##### EXTRACTED INFORMATION #####

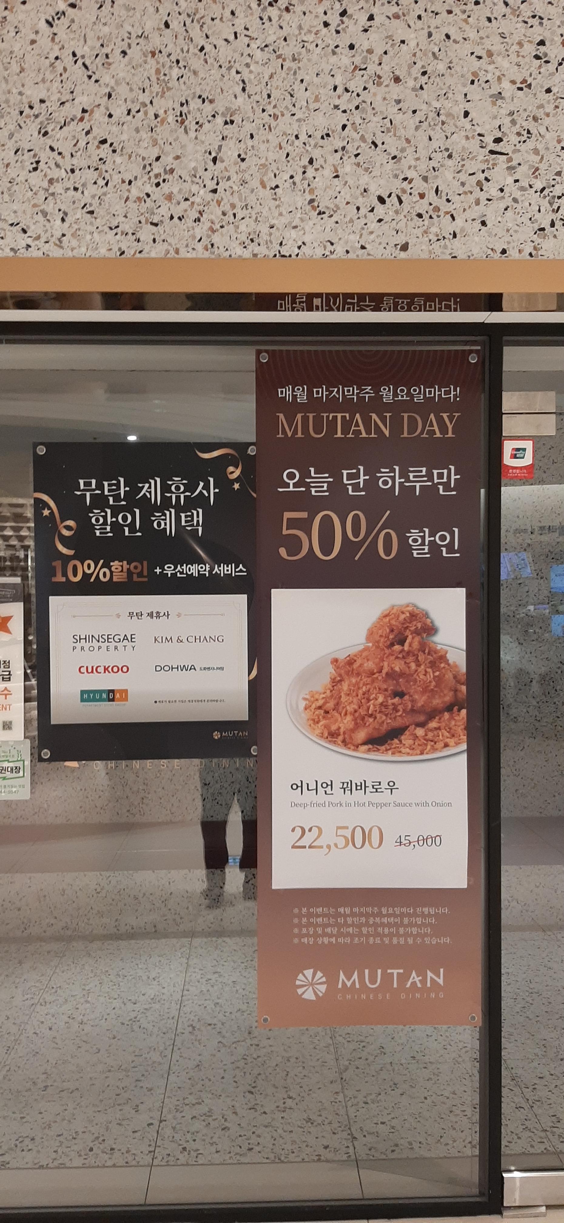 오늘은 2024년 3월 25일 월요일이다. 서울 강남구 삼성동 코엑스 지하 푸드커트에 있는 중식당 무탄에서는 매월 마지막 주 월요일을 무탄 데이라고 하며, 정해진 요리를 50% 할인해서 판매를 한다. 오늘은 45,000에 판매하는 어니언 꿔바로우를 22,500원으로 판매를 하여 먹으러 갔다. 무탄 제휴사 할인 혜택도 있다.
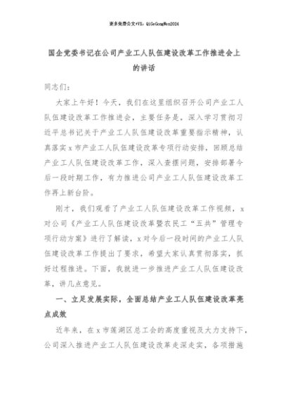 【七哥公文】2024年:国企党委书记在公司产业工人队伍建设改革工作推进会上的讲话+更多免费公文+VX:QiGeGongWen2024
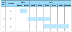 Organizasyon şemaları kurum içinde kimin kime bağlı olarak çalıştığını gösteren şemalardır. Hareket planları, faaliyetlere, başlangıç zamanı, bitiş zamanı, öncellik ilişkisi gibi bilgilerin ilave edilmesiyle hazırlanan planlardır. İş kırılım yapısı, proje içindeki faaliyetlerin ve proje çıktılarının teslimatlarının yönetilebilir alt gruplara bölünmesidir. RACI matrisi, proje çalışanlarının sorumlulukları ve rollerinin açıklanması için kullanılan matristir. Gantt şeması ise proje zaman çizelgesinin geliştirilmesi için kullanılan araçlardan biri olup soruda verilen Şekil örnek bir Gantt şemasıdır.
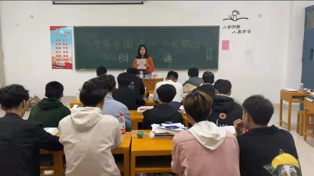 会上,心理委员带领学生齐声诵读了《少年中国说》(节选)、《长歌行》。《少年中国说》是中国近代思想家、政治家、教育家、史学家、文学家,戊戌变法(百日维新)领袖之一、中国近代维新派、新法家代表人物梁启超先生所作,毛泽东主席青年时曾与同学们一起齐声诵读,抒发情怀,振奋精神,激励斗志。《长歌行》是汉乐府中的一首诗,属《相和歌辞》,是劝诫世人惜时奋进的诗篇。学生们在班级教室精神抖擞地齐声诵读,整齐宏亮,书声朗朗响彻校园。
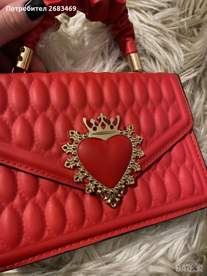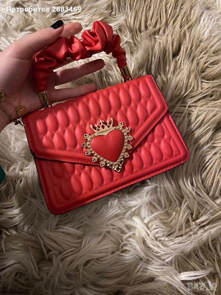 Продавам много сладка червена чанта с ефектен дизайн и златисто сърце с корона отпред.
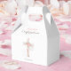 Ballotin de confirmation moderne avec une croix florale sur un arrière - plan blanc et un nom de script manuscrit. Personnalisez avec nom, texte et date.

#####

**WHAT IS NEEDED:**
Once the line containing "会上,心理委员带领学生齐声诵" is located, write out exactly that line and each one after it to the end of the records above, excluding pictures and nothing else.

**ANSWER BELOW:**
 会上,心理委员带领学生齐声诵读了《少年中国说》(节选)、《长歌行》。《少年中国说》是中国近代思想家、政治家、教育家、史学家、文学家,戊戌变法(百日维新)领袖之一、中国近代维新派、新法家代表人物梁启超先生所作,毛泽东主席青年时曾与同学们一起齐声诵读,抒发情怀,振奋精神,激励斗志。《长歌行》是汉乐府中的一首诗,属《相和歌辞》,是劝诫世人惜时奋进的诗篇。学生们在班级教室精神抖擞地齐声诵读,整齐宏亮,书声朗朗响彻校园。
 Продавам много сладка червена чанта с ефектен дизайн и златисто сърце с корона отпред.
 Ballotin de confirmation moderne avec une croix florale sur un arrière - plan blanc et un nom de script manuscrit. Personnalisez avec nom, texte et date.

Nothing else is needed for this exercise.